Elle clôt sa tirade avec une expiration plutôt fière d'elle, déterminée et autoritaire, comme elle n'a jamais parlé à un adulte et encore moins à la Directrice de son école. En revanche, un rire gelé lui répond. Elle n'a donc pas rêvé. Il s'agissait bien de l'odeur de Steros. Une flamme illumine brusquement la pièce et Adaline saisit cette opportunité pour analyser le moindre recoin, désireuse d'en capter le plus possible au cas où la lumière ne s'éteigne à jamais. Elle reconnaît en effet ces dalles grises et vieilles, mal disposées, irrégulières, mais qui tiennent par la magie. Elle n'a définitivement pas quitté Yezajia. Un bon point. Il n'y a rien d'autre. Seul un crochet au plafond par lequel elle est pendue par des lianes de fer autour de ses membres, sans surprise. La femme, toute en rides et en grimace tordue, la fixe dans sa robe désuète noire à plusieurs jupons, un exemple de sévérité et d'élégance, un port de tête parfait et l'arrogance peinte sur tous ses traits, une étincelle dansant sur sa paume. Elle lance le feu sur deux torches, de part et d'autre de la prisonnière, pour éclairer la minuscule et basse salle dans laquelle elle est enfermée, une porte derrière elle sûrement verrouillée à double tour.
— Quelle bravoure, Adaline Nox. Je serais impressionnée...
Steros marque une pause en se levant du tabouret où elle était assise tout du long.
— ...si cette bravoure ne résultait pas en vérité d'une stupidité naïve et bornée. Je dois dire que vous feriez de piètres détectives, Delarosa et vous, bien que j'aie cru comprendre qu'il avait fait la plus grande partie du travail, et que vous êtes entrée dans le tableau au dernier moment. Intéressant que ce partenariat entre les deux jeunes adversaires de Yezajia. Vous saviez que certains professeurs ont parié sur vous ? Sur celui qui obtiendrait les meilleures notes aux épreuves finales ? Cette empotée de Barlow a voté pour vous, étonnant n'est-ce pas ? J'ignore comment j'ai pu me retenir de réduire à néant leurs espoirs pour vous deux. Il avait déjà été prévu qu'aucun ne termine son année. Ni vous deux, ni aucun autre élève à Yezajia.
— C'est là que ma compréhension de cette affaire s'arrête !
Adaline puise le courage, en effet naïf et borné, de la couper dans sa tirade et renchérit :
— Vous avez dédié votre existence toute entière à Yezajia. Vous adorez cette école, vous donneriez votre vie pour ces murs. Pourquoi tout détruire maintenant ? Quand avez-vous décidé qu'il vaudrait mieux suivre la tyran plutôt que de protéger votre école ?
— Qui oppose les deux ? rétorque Steros avec un sérieux mordant. Vous le dites si bien, Adaline. J'adore ces murs... Quant aux élèves, ce n'est pas mon problème s'ils refusent de s'agenouiller devant l'Impératrice.

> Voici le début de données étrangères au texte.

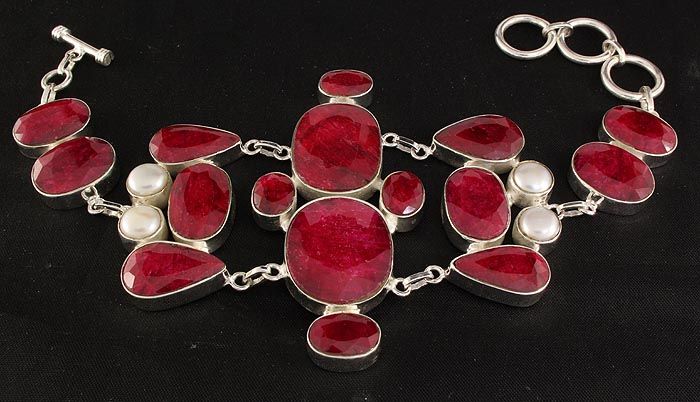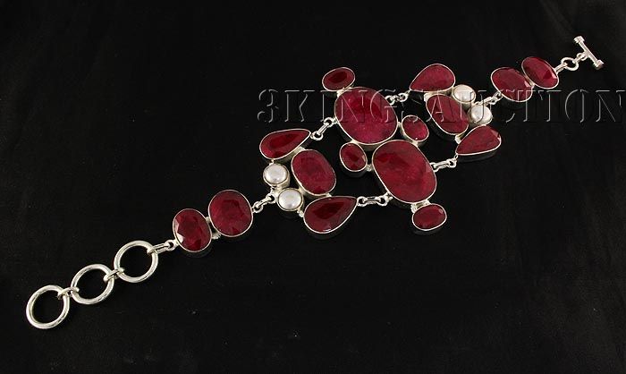 RUBY CORRUNDUM 65.15GRAMS FASHION SILVER BRACELET **|**|** 9.0X3.0 INCHES MIX SHAPE RUBY CORRUNDUM W/ FRESHWATER PEARLS SILVER BRACELET ; MSRP: $1800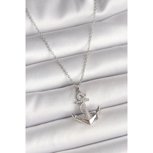 316L Çelik Gümüş Renk Zincir Zirkon Taş Detaylı Çapa Model Kadın Kolye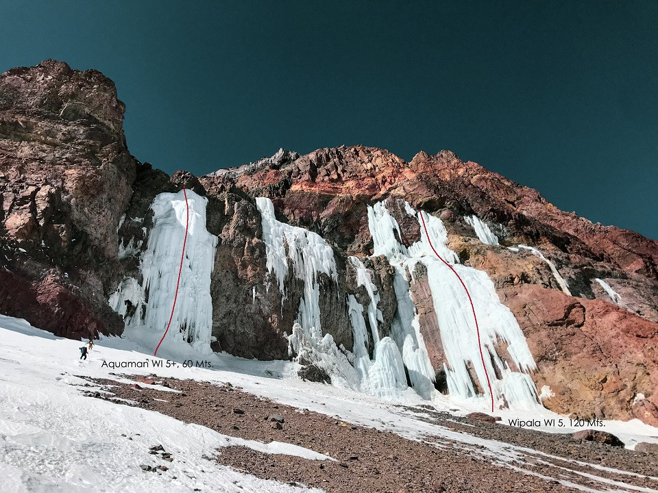 Este invierno Fuimos junto al grupo de @colectivoandino Seba Rojas y Diego Saez con la intención de escalar algunas cascadas y esquiar algo. Pudimos abrir tres hermosas cascadas “Wipala” (120 mt Wi5.), “Trayken” (60mt Wi 5+) y “Aquaman” (60mt Wi6).
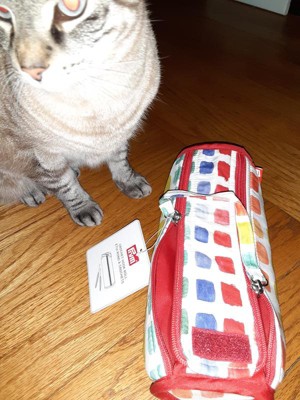 [This review was collected as part of a promotion.] I love this little zip up pouch that is the perfect size for all my crochet hooks and accessories. It is so easy to zip up with the top opening and loop tape, which is nice to have with my arthritis hands. I also must say I really enjoy the fun colors it has for the pouch design on the fabric. So cheerful colored. Fits my life and crochet needs, thank you!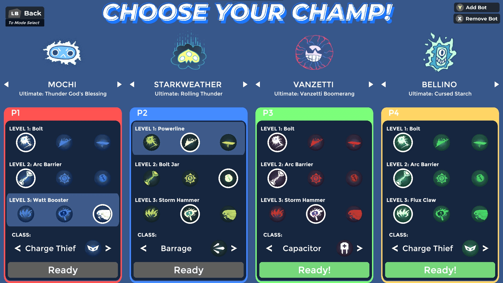 Charge Champs is a 2D platform fighter with a unique combat system where players charge their character to temporarily unlock abilities and gain an advantage over their opponents.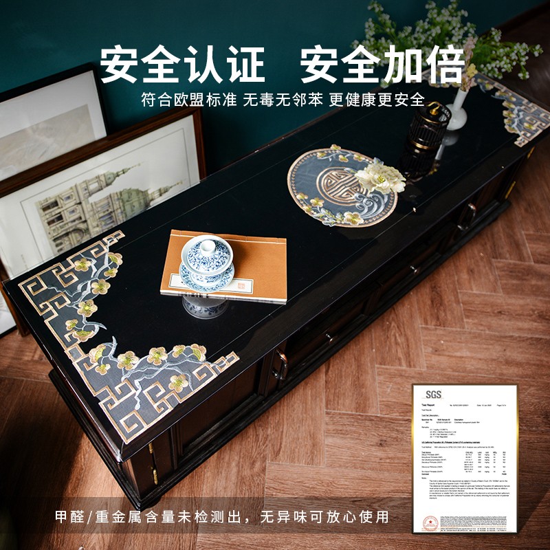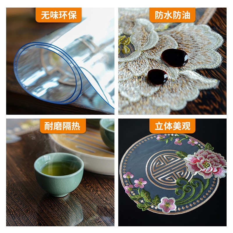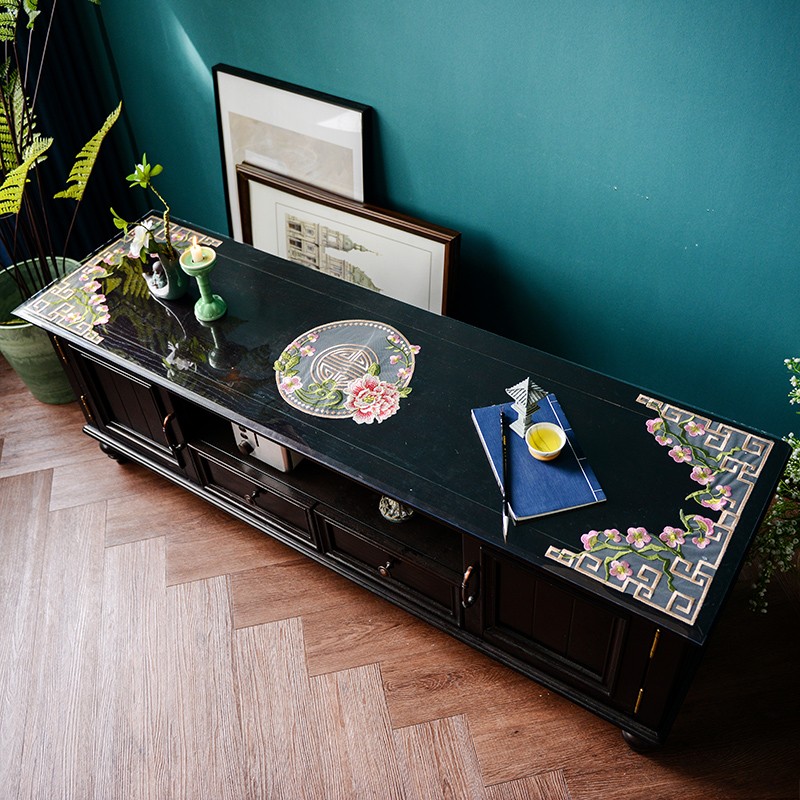 新中式pavc电视柜桌布防水防油免洗桌旗水晶板蕾丝刺绣防尘罩盖布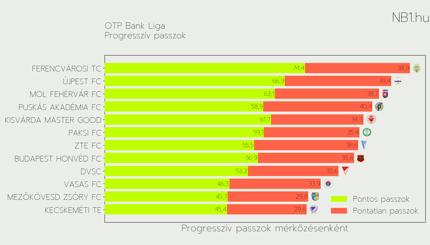 A két gárda gondjai viszont nem az ellenfél kapuja előtt kezdődnek. Bár nem minden statisztikában bérli ki a kiesőzónát a két pesti együttes, láthatóan azokban a mutatókban sem jeleskednek, amelyek a támadásbefejezést megelőző építkező munkát hivatottak elemezni. Íme például a progresszív, azaz a támadások előrehaladását érdemben szolgáló passzok összesítése.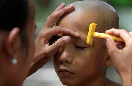 | Cậu bé đang được mẹ cạo tóc và lông mày trước khi vào tu ở chùa tại Phnom Penh, Cambodia |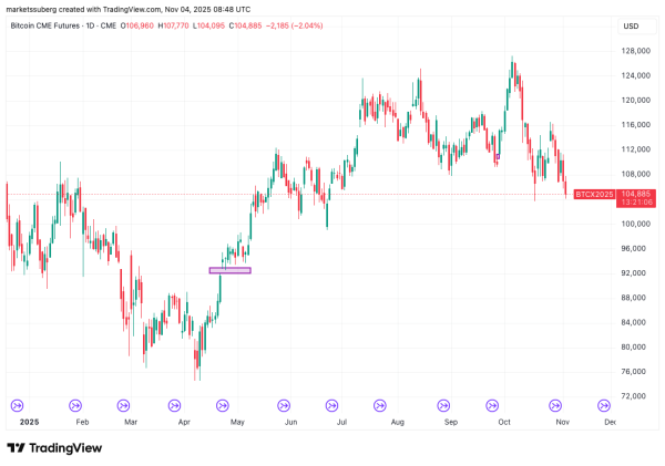 L'expert a attiré l'attention sur l'écart non comblé dans les contrats à terme sur le Chicago Mercantile Exchange (CME) aux alentours de 92 000 $, juste en dessous de l'ouverture annuelle de 2025.

— Ah, je vois, c'est pourquoi vous avez commencé à rassembler les élèves fidèles aux doctrines de Fedgarth, pour lister le nombre de jeunes qu'il demeure à convertir.

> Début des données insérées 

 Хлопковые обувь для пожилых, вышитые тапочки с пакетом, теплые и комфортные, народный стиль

— Les rassembler ? Mais, ils sont venus à moi, Adaline.
Bien sûr. Nés de parents traîtres et donc traîtres eux-mêmes, cela apparaît d'une logique implacable. Adaline fait de son mieux pour s'exprimer à voix basse, ne pas s'énerver et contrôler le soulèvement de son ventre et de sa poitrine à la moindre de ses paroles, de ses respirations. Steros savoure ce moment, à n'en point douter. Son rictus mauvais le démontre nettement. Elle n'ajoute rien, laissant le soin à la jeune femme de prétexter guider la conversation. Une illusion de plus. Elle attend l'occasion opportune pour frapper.
— Caedmon n'a jamais voulu m'avouer le nom de ces ordures. Laissez-moi en deviner au moins un. Strombo. Je suis certaine que ce voyou de Strombo vous lèche les pieds tous les jours et vous supplie de lui donner une mission à accomplir pour avoir l'impression d'exister, de participer à quelque chose, parce que la réalité...la réalité de vos sbires, de vous, et de tous les fous qui vénèrent aveuglement l'Impératrice de la Nuit, la réalité, c'est que vous avez perdu l'esprit, vous avez perdu le goût de la vie, vous ne ressentez plus rien d'autre qu'un vide terrifiant à combler et vous vous jetez sur la première excuse pour avoir l'air plus important et utile que vous ne le serez jamais. Vous avez autorisé l'Impératrice à se mêler à votre bon sens et vous incarnez à présent ses chiens de chasse.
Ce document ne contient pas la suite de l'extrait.